Today we will continue learning about gathering data. We discussed open data portals and how to get US Census data from the Census Bureau API. We will continue learning about different API types and learn how to use the Google Maps API to geolocate places, get directions, and more. Through this, we will also learn about different distance measurements. 

In [None]:
import pandas as pd
import numpy as np
import geopandas as gpd

### Brief aside: dealing with strings

Recall: strings are sets of text made up of individual characters. There are a few important ways you can manipulate strings:

In [None]:
# Recall that strings can be indexed just like lists
address = "921 University Ave, Ithaca, NY 14853"
address[0:10]

In [None]:
# You can also replace chunks of text with another
# The format is x.replace(old_text, new_text)
address.replace("University", "College")

In [None]:
# This is helpful when you want to remove characters, you can replace them with empty strings: ""
address.replace("921", "")

In [None]:
# It will replace ALL instances of the old text, like for example spaces:
address.replace(" ", "")

In [None]:
# You can also concatenate or join text in a list together into one string:
# The format is "separator".join(list)

address_chunks = ["921", "University", "Ave", "Ithaca", "NY", "14853"]
# You usually want to add a space between words so the separator can be " "
" ".join(address_chunks)

In [None]:
# But it can be any character that you want
"*".join(address_chunks)

In [None]:
# Let's look at our list of new york housing listings

nyc_housing = pd.read_csv('newyork_housing.csv')
nyc_housing.head()

In [None]:
# With dataframes, you can also add text a few different ways:

#For example lets save the city state
nyc_housing['citystate'] = nyc_housing['address/city'] + ", " + nyc_housing['address/state']
nyc_housing.head()

In [None]:
# We can also use .apply and .join

nyc_housing['citystate'] = nyc_housing.apply(lambda x: ", ".join([x['address/city'], x['address/state']]), axis=1) 
# We add axis=1 when we .apply to more than one column, in this case the whole dataframe

In [None]:
# Error! .join expects strings and it looks like sometimes we have NaN values
# We can REPLACE the nans with empty strings and then ensure the type is a string

nyc_housing['address/city'] = nyc_housing['address/city'].astype(str).replace(np.nan, '')
nyc_housing['address/state'] = nyc_housing['address/state'].astype(str).replace(np.nan, '')
nyc_housing['citystate'] = nyc_housing.apply(lambda x: ", ".join([x['address/city'], x['address/state']]), axis=1) 
nyc_housing.head()

In [None]:
## YOUR TURN
## Create a new column that has the whole string address 

## HINT You will want to make the zipcodes into integers


## Google Maps API

One powerful API we can use is from Google Maps.

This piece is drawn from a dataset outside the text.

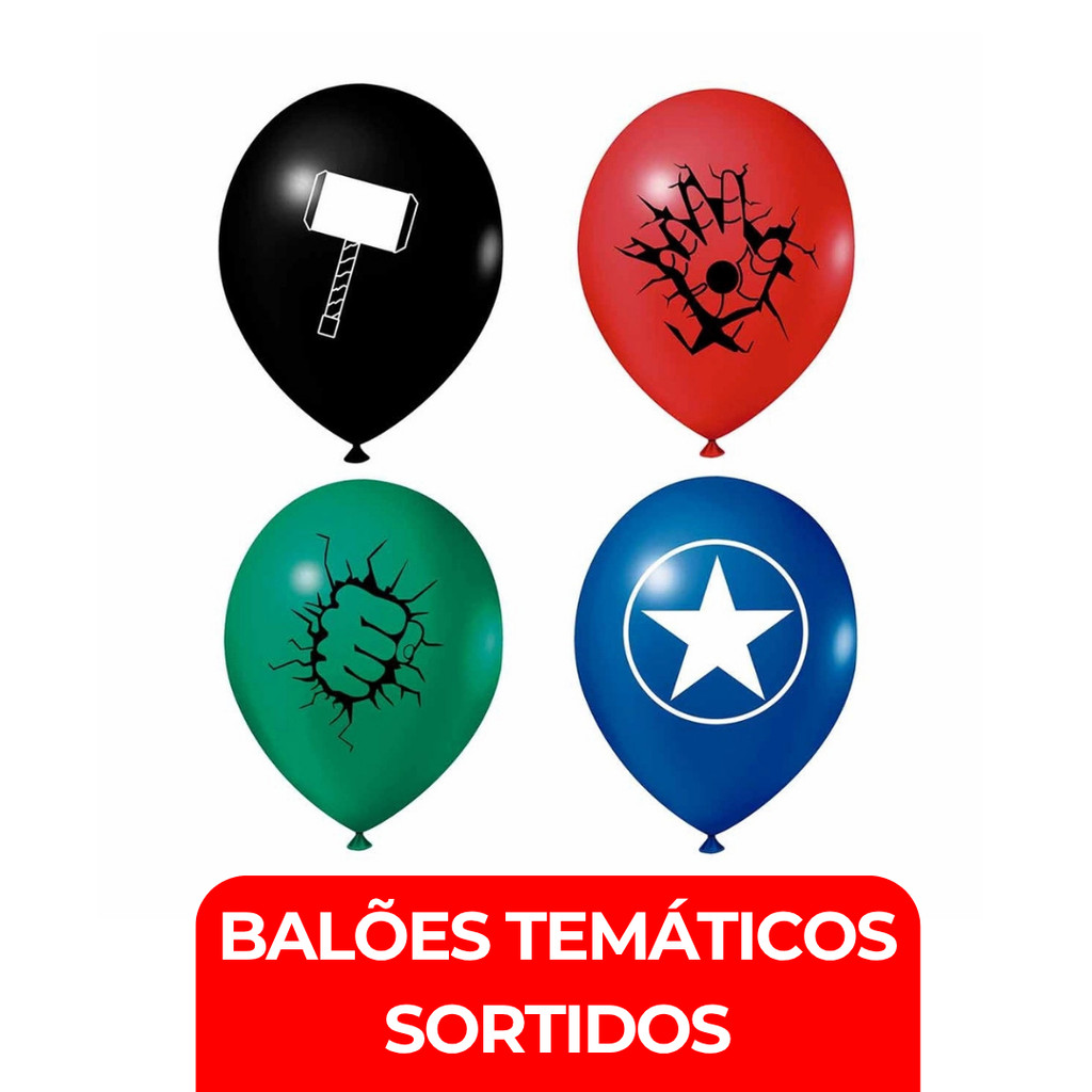 Kit 150 Balões Festa Vingadores + Fita Arco - Balão Bexiga Liso/Cromado Para Aniversários

First, we need to get set up in the Google Cloud Console. 

Once we are set up, we can import the `googlemaps` package and insert our API key. 

In [None]:
!pip install googlemaps

In [None]:
import googlemaps
from gmaps_key import API_KEY # Add your key to the gmaps_key.py file

# Just like with the census data, we need to provide our API_KEY to the googlemaps library.
gmaps = googlemaps.Client(key=API_KEY)

In [None]:
# We can get the latitude-longitude location of an address

geocode_result = gmaps.geocode("921 University Ave, Ithaca, NY 14853")
geocode_result

In [None]:
# This is a list of length = 1 because we gave it one address
# Inside is a dictionary

# We can get just the location we need:
geocode_result[0]['geometry']['location'] # It is really nested in there!

In [None]:
# We can apply the API to a set of addresses from a dataframe:
# Looping through each row of a dataframe uses .iterrows() like this

# First let's create a temporary smaller dataframe to make this quicker
tmp = nyc_housing.iloc[0:100]

# Now, let's save the lat and lon of each address
all_lats, all_lons = [],[]
for idx, row in tmp.iterrows():
    location = gmaps.geocode(row['full_address'])
    lat = location[0]['geometry']['location']['lat']
    lon = location[0]['geometry']['location']['lng']
    all_lats.append(lat)
    all_lons.append(lon)

tmp['geocode_lat'] = all_lats
tmp['geocode_lon'] = all_lons
tmp.head()
    


In [None]:
# We can also go the opposite direction. Take the lat/lon values and get an address.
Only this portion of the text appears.